**WORK REQUEST:** Identify every line in the records below that contains the word "solo", and copy each of those lines.
── EXERCISE DATA
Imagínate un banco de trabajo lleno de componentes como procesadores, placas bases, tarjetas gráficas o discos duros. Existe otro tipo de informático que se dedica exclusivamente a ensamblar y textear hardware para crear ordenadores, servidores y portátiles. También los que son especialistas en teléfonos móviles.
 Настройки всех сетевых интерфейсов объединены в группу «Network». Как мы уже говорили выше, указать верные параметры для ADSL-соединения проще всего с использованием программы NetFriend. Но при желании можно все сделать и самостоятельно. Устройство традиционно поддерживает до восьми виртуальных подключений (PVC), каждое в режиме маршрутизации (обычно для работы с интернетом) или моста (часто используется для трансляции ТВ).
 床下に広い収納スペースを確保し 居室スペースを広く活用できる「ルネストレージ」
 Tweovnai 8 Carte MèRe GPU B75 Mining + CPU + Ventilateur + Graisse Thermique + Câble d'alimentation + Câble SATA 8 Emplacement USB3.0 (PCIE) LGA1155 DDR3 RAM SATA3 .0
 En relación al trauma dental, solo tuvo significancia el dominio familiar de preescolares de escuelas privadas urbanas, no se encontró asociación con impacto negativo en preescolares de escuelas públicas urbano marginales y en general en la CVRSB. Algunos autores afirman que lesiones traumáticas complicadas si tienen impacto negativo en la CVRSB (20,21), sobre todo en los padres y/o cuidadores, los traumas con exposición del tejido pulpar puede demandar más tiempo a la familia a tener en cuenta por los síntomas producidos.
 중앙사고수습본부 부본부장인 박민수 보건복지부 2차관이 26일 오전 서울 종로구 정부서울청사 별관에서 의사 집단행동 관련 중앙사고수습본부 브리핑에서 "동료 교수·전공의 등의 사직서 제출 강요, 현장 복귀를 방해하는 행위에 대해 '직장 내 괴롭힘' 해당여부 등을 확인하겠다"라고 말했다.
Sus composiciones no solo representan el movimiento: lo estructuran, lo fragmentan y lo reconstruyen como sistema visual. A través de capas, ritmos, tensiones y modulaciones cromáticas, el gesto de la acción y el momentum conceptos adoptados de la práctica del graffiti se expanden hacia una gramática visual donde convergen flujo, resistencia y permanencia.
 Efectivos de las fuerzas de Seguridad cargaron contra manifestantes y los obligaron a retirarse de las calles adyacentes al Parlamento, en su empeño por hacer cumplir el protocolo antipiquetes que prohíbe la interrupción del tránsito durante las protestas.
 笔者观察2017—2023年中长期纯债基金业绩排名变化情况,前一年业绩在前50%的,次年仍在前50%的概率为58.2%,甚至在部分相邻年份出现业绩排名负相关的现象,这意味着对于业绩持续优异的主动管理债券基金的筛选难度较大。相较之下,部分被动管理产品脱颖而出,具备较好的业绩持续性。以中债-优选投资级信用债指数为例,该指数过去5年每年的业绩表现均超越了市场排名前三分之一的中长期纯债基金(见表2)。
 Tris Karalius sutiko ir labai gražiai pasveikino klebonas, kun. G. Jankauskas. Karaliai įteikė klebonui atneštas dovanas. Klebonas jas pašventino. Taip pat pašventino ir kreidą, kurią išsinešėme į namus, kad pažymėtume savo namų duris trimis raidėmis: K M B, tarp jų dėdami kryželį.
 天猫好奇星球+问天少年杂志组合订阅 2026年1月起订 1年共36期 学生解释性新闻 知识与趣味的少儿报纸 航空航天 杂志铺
────
**TASK RESULT:**
 En relación al trauma dental, solo tuvo significancia el dominio familiar de preescolares de escuelas privadas urbanas, no se encontró asociación con impacto negativo en preescolares de escuelas públicas urbano marginales y en general en la CVRSB. Algunos autores afirman que lesiones traumáticas complicadas si tienen impacto negativo en la CVRSB (20,21), sobre todo en los padres y/o cuidadores, los traumas con exposición del tejido pulpar puede demandar más tiempo a la familia a tener en cuenta por los síntomas producidos.
Sus composiciones no solo representan el movimiento: lo estructuran, lo fragmentan y lo reconstruyen como sistema visual. A través de capas, ritmos, tensiones y modulaciones cromáticas, el gesto de la acción y el momentum conceptos adoptados de la práctica del graffiti se expanden hacia una gramática visual donde convergen flujo, resistencia y permanencia.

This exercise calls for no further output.